[Start of Attachment]
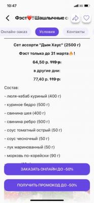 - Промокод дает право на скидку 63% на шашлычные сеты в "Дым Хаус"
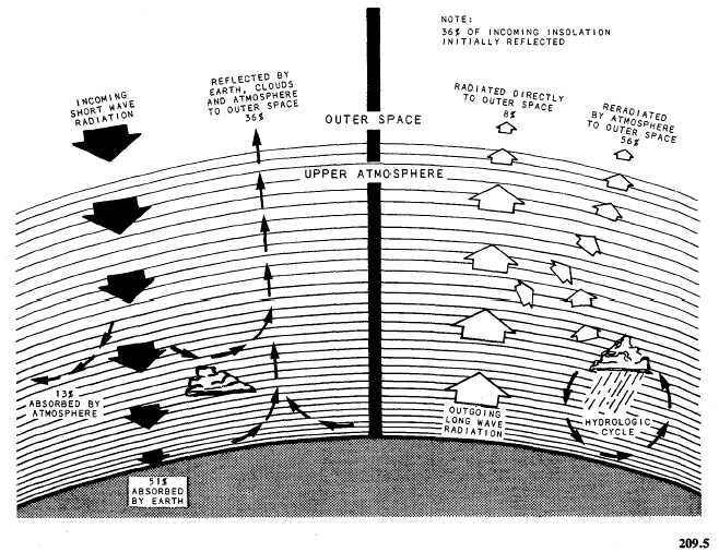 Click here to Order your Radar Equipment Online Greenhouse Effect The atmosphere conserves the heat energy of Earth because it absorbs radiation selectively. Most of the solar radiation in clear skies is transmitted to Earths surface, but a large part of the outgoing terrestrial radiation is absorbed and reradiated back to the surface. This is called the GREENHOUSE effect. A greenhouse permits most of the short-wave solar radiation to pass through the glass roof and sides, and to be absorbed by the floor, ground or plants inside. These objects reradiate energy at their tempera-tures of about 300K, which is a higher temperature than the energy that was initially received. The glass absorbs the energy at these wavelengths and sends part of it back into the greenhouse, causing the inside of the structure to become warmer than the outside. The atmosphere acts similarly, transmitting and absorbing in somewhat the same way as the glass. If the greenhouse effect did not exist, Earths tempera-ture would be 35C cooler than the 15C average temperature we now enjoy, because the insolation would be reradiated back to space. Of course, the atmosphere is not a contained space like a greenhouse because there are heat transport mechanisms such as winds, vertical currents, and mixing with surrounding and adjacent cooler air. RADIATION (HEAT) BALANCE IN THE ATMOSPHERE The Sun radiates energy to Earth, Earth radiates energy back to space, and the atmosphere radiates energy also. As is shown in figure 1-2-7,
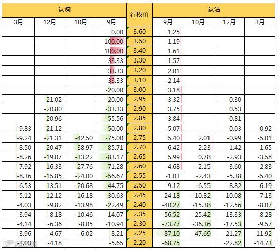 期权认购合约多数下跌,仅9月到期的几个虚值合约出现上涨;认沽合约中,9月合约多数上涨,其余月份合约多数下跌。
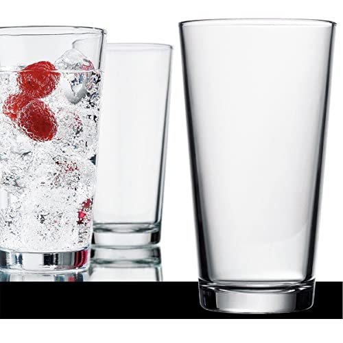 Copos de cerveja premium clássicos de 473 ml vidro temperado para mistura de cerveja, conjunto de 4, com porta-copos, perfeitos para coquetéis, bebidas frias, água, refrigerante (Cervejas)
[End of Attachment]
### Instructions for the task
Transcribe exactly the line containing "期权认购合约多数下跌,仅9月" and every line after it through the end of the listing above; pictures are not part of the copy.

### Response to this task
 期权认购合约多数下跌,仅9月到期的几个虚值合约出现上涨;认沽合约中,9月合约多数上涨,其余月份合约多数下跌。
 Copos de cerveja premium clássicos de 473 ml vidro temperado para mistura de cerveja, conjunto de 4, com porta-copos, perfeitos para coquetéis, bebidas frias, água, refrigerante (Cervejas)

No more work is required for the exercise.